Aggregate Functions

Overview

Aggregate functions operate on a set of input rows and compute one result per group. The functions on this page are available in Polars SQL.

Except for count(), count_if(), and approx_distinct(), aggregate functions ignore null input values and return null when there are no non-null input values. For example, sum() returns null rather than zero for an empty input group, and avg() does not include null values in the count.

General Aggregate Functions

any_value(x) -> [same as input]()

This is an alias for arbitrary().

arbitrary(x) -> [same as input]()

Returns an arbitrary non-null value of x, if one exists.

avg(x) -> double()

Returns the average (arithmetic mean) of all non-null input values.

SELECT avg(v)
FROM (VALUES (1), (NULL), (3)) AS t(v);
-- 2.000
count(*) -> bigint()

Returns the number of input rows.

SELECT count(*)
FROM (VALUES (1), (NULL), (3)) AS t(v);
-- 3
count(x) -> bigint()

Returns the number of non-null input values.

SELECT count(v)
FROM (VALUES (1), (NULL), (3)) AS t(v);
-- 2
count_if(x) -> bigint()

Returns the number of TRUE input values.

SELECT count_if(flag)
FROM (VALUES (TRUE), (FALSE), (NULL)) AS t(flag);
-- 1
max(x) -> [same as input]()

Returns the maximum non-null input value.

SELECT max(v)
FROM (VALUES (1), (NULL), (3)) AS t(v);
-- 3
min(x) -> [same as input]()

Returns the minimum non-null input value.

SELECT min(v)
FROM (VALUES (1), (NULL), (3)) AS t(v);
-- 1
sum(x) -> [same as input]()

Returns the sum of all non-null input values.

SELECT sum(v)
FROM (VALUES (1), (NULL), (3)) AS t(v);
-- 4

Approximate Aggregate Functions

approx_distinct(x) -> bigint()

Returns the approximate number of distinct non-null input values.
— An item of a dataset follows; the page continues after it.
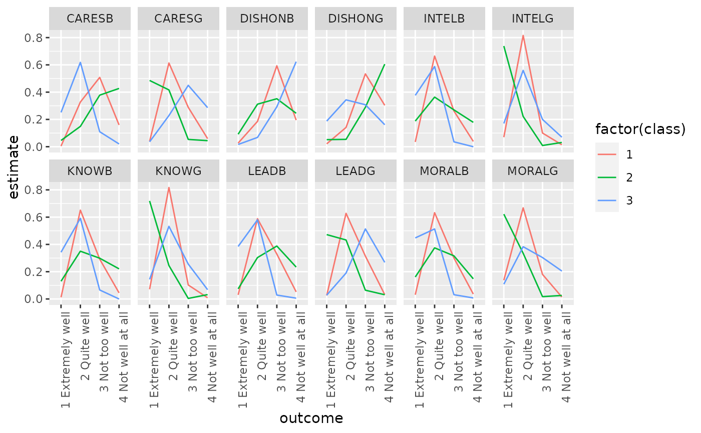 library(poLCA) library(dplyr) data(values) f <- cbind(A, B, C, D) ~ 1 M1 <- poLCA(f, values, nclass = 2, verbose = FALSE) M1#> Conditional item response (column) probabilities, #> by outcome variable, for each class (row) #> #> $A #> Pr(1) Pr(2) #> class 1: 0.0068 0.9932 #> class 2: 0.2864 0.7136 #> #> $B #> Pr(1) Pr(2) #> class 1: 0.0602 0.9398 #> class 2: 0.6704 0.3296 #> #> $C #> Pr(1) Pr(2) #> class 1: 0.0735 0.9265 #> class 2: 0.6460 0.3540 #> #> $D #> Pr(1) Pr(2) #> class 1: 0.2309 0.7691 #> class 2: 0.8676 0.1324 #> #> Estimated class population shares #> 0.2792 0.7208 #> #> Predicted class memberships (by modal posterior prob.) #> 0.3287 0.6713 #> #> ========================================================= #> Fit for 2 latent classes: #> ========================================================= #> number of observations: 216 #> number of estimated parameters: 9 #> residual degrees of freedom: 6 #> maximum log-likelihood: -504.4677 #> #> AIC(2): 1026.935 #> BIC(2): 1057.313 #> G^2(2): 2.719922 (Likelihood ratio/deviance statistic) #> X^2(2): 2.719764 (Chi-square goodness of fit) #>#> # A tibble: 16 x 5 #> variable class outcome estimate std.error #> <chr> <int> <dbl> <dbl> <dbl> #> 1 A 1 1 0.00681 0.0254 #> 2 A 2 1 0.286 0.0393 #> 3 A 1 2 0.993 0.0254 #> 4 A 2 2 0.714 0.0393 #> 5 B 1 1 0.0602 0.0649 #> 6 B 2 1 0.670 0.0489 #> 7 B 1 2 0.940 0.0649 #> 8 B 2 2 0.330 0.0489 #> 9 C 1 1 0.0735 0.0642 #> 10 C 2 1 0.646 0.0482 #> 11 C 1 2 0.927 0.0642 #> 12 C 2 2 0.354 0.0482 #> 13 D 1 1 0.231 0.0929 #> 14 D 2 1 0.868 0.0379 #> 15 D 1 2 0.769 0.0929 #> 16 D 2 2 0.132 0.0379#> # A tibble: 216 x 7 #> A B C D X.Intercept. .class .probability #> <dbl> <dbl> <dbl> <dbl> <dbl> <int> <dbl> #> 1 2 2 2 2 1 1 0.959 #> 2 2 2 2 2 1 1 0.959 #> 3 2 2 2 2 1 1 0.959 #> 4 2 2 2 2 1 1 0.959 #> 5 2 2 2 2 1 1 0.959 #> 6 2 2 2 2 1 1 0.959 #> 7 2 2 2 2 1 1 0.959 #> 8 2 2 2 2 1 1 0.959 #> 9 2 2 2 2 1 1 0.959 #> 10 2 2 2 2 1 1 0.959 #> # … with 206 more rows#> # A tibble: 1 x 8 #> logLik AIC BIC g.squared chi.squared df df.residual nobs #> <dbl> <dbl> <dbl> <dbl> <dbl> <dbl> <dbl> <int> #> 1 -504. 1027. 1057. 2.72 2.72 9 6 216library(ggplot2) ggplot(tidy(M1), aes(factor(class), estimate, fill = factor(outcome))) + geom_bar(stat = "identity", width = 1) + facet_wrap(~variable)## Three-class model with a single covariate. data(election) f2a <- cbind( MORALG, CARESG, KNOWG, LEADG, DISHONG, INTELG, MORALB, CARESB, KNOWB, LEADB, DISHONB, INTELB ) ~ PARTY nes2a <- poLCA(f2a, election, nclass = 3, nrep = 5, verbose = FALSE) td <- tidy(nes2a) td#> # A tibble: 144 x 5 #> variable class outcome estimate std.error #> <chr> <int> <fct> <dbl> <dbl> #> 1 MORALG 1 1 Extremely well 0.137 0.0182 #> 2 MORALG 2 1 Extremely well 0.622 0.0309 #> 3 MORALG 3 1 Extremely well 0.108 0.0175 #> 4 MORALG 1 2 Quite well 0.668 0.0247 #> 5 MORALG 2 2 Quite well 0.335 0.0293 #> 6 MORALG 3 2 Quite well 0.383 0.0274 #> 7 MORALG 1 3 Not too well 0.180 0.0208 #> 8 MORALG 2 3 Not too well 0.0172 0.00841 #> 9 MORALG 3 3 Not too well 0.304 0.0253 #> 10 MORALG 1 4 Not well at all 0.0143 0.00680 #> # … with 134 more rows# show ggplot(td, aes(outcome, estimate, color = factor(class), group = class)) + geom_line() + facet_wrap(~variable, nrow = 2) + theme(axis.text.x = element_text(angle = 90, hjust = 1))#> # A tibble: 1,300 x 16 #> MORALG CARESG KNOWG LEADG DISHONG INTELG MORALB CARESB KNOWB LEADB DISHONB #> <fct> <fct> <fct> <fct> <fct> <fct> <fct> <fct> <fct> <fct> <fct> #> 1 3 Not … 1 Extr… 2 Qui… 2 Qu… 3 Not … 2 Qui… 1 Ext… 1 Ext… 2 Qu… 2 Qu… 4 Not … #> 2 1 Extr… 2 Quit… 2 Qui… 1 Ex… 3 Not … 2 Qui… 2 Qui… 2 Qui… 2 Qu… 3 No… 3 Not … #> 3 2 Quit… 2 Quit… 2 Qui… 2 Qu… 2 Quit… 2 Qui… 2 Qui… 3 Not… 2 Qu… 2 Qu… 3 Not … #> 4 2 Quit… 4 Not … 2 Qui… 3 No… 2 Quit… 2 Qui… 1 Ext… 1 Ext… 2 Qu… 2 Qu… 3 Not … #> 5 2 Quit… 2 Quit… 2 Qui… 2 Qu… 3 Not … 2 Qui… 3 Not… 4 Not… 4 No… 4 No… 3 Not … #> 6 2 Quit… 2 Quit… 2 Qui… 3 No… 4 Not … 2 Qui… 2 Qui… 3 Not… 2 Qu… 2 Qu… 3 Not … #> 7 1 Extr… 1 Extr… 1 Ext… 1 Ex… 4 Not … 1 Ext… 2 Qui… 4 Not… 2 Qu… 3 No… 3 Not … #> 8 2 Quit… 2 Quit… 2 Qui… 2 Qu… 3 Not … 2 Qui… 3 Not… 2 Qui… 2 Qu… 2 Qu… 3 Not … #> 9 2 Quit… 2 Quit… 2 Qui… 2 Qu… 3 Not … 2 Qui… 2 Qui… 2 Qui… 2 Qu… 3 No… 2 Quit… #> 10 2 Quit… 3 Not … 2 Qui… 2 Qu… 3 Not … 2 Qui… 2 Qui… 4 Not… 2 Qu… 4 No… 2 Quit… #> # … with 1,290 more rows, and 5 more variables: INTELB <fct>, #> # X.Intercept. <dbl>, PARTY <dbl>, .class <int>, .probability <dbl>#> # A tibble: 3 x 2 #> .class n #> <int> <int> #> 1 1 496 #> 2 2 360 #> 3 3 444# if the original data is provided, it leads to NAs in new columns # for rows that weren't predicted au2 <- augment(nes2a, data = election) au2#> # A tibble: 1,785 x 20 #> MORALG CARESG KNOWG LEADG DISHONG INTELG MORALB CARESB KNOWB LEADB DISHONB #> <fct> <fct> <fct> <fct> <fct> <fct> <fct> <fct> <fct> <fct> <fct> #> 1 3 Not … 1 Extr… 2 Qui… 2 Qu… 3 Not … 2 Qui… 1 Ext… 1 Ext… 2 Qu… 2 Qu… 4 Not … #> 2 4 Not … 3 Not … 4 Not… 3 No… 2 Quit… 2 Qui… NA NA 2 Qu… 3 No… NA #> 3 1 Extr… 2 Quit… 2 Qui… 1 Ex… 3 Not … 2 Qui… 2 Qui… 2 Qui… 2 Qu… 3 No… 3 Not … #> 4 2 Quit… 2 Quit… 2 Qui… 2 Qu… 2 Quit… 2 Qui… 2 Qui… 3 Not… 2 Qu… 2 Qu… 3 Not … #> 5 2 Quit… 4 Not … 2 Qui… 3 No… 2 Quit… 2 Qui… 1 Ext… 1 Ext… 2 Qu… 2 Qu… 3 Not … #> 6 2 Quit… 3 Not … 3 Not… 2 Qu… 2 Quit… 2 Qui… 2 Qui… NA 3 No… 2 Qu… 2 Quit… #> 7 2 Quit… NA 2 Qui… 2 Qu… 4 Not … 2 Qui… NA 3 Not… 2 Qu… 2 Qu… 4 Not … #> 8 2 Quit… 2 Quit… 2 Qui… 2 Qu… 3 Not … 2 Qui… 3 Not… 4 Not… 4 No… 4 No… 3 Not … #> 9 2 Quit… 2 Quit… 2 Qui… 3 No… 4 Not … 2 Qui… 2 Qui… 3 Not… 2 Qu… 2 Qu… 3 Not … #> 10 1 Extr… 1 Extr… 1 Ext

This function provides an approximation of count(DISTINCT x). Zero is returned if all input values are null.

SELECT approx_distinct(v)
FROM (VALUES (1), (1), (2), (NULL)) AS t(v);
-- 2

Statistical Aggregate Functions

corr(y, x) -> double()

Returns the correlation coefficient of the non-null input pairs.

SELECT corr(y, x)
FROM (VALUES (1, 2), (3, 4), (5, 6)) AS t(y, x);
-- 1.0
covar_pop(y, x) -> double()

Returns the population covariance of the non-null input pairs.

SELECT covar_pop(y, x)
FROM (VALUES (1, 2), (3, 4), (5, 6)) AS t(y, x);
-- 2.6666666666666665
covar_samp(y, x) -> double()

Returns the sample covariance of the non-null input pairs.

SELECT covar_samp(y, x)
FROM (VALUES (1, 2), (3, 4), (5, 6)) AS t(y, x);
-- 4.0
regr_count(y, x) -> bigint()

Returns the number of input rows where both y and x are non-null. y is the dependent value and x is the independent value.

regr_avgx(y, x) -> double()

Returns the average of the independent value for non-null input pairs.

regr_avgy(y, x) -> double()

Returns the average of the dependent value for non-null input pairs.

regr_sxx(y, x) -> double()

Returns the sum of squares of the independent value for non-null input pairs.

regr_syy(y, x) -> double()

Returns the sum of squares of the dependent value for non-null input pairs.

regr_sxy(y, x) -> double()

Returns the sum of products of the dependent and independent values for non-null input pairs.

regr_slope(y, x) -> double()

Returns the slope of the linear regression line. y is the dependent value and x is the independent value.

regr_intercept(y, x) -> double()

Returns the intercept of the linear regression line. y is the dependent value and x is the independent value.

regr_r2(y, x) -> double()

Returns the coefficient of determination of the linear regression.

SELECT
    regr_count(y, x),
    regr_avgx(y, x),
    regr_avgy(y, x),
    regr_sxx(y, x),
    regr_syy(y, x),
    regr_sxy(y, x),
    regr_slope(y, x),
    regr_intercept(y, x),
    regr_r2(y, x)
FROM (
    VALUES
        (1, 2),
        (3, 4),
        (5, 6),
        (CAST(NULL AS INTEGER), 8),
        (9, CAST(NULL AS INTEGER))
) AS t(y, x);
-- 3, 4.0, 3.0, 8.0, 8.0, 8.0, 1.0, -1.0, 1.0
stddev(x) -> double()

This is an alias for stddev_samp().

stddev_pop(x) -> double()

Returns the population standard deviation of all non-null input values.

stddev_samp(x) -> double()

Returns the sample standard deviation of all non-null input values.

variance(x) -> double()

This is an alias for var_samp().

var_pop(x) -> double()

Returns the population variance of all non-null input values.

var_samp(x) -> double()

Returns the sample variance of all non-null input values.

SELECT
    var_pop(v),
    stddev_pop(v),
    var_samp(v),
    variance(v),
    stddev_samp(v),
    stddev(v)
FROM (VALUES (1), (2), (3)) AS t(v);
-- 0.6666666666666666, 0.816496580927726, 1.0, 1.0, 1.0, 1.0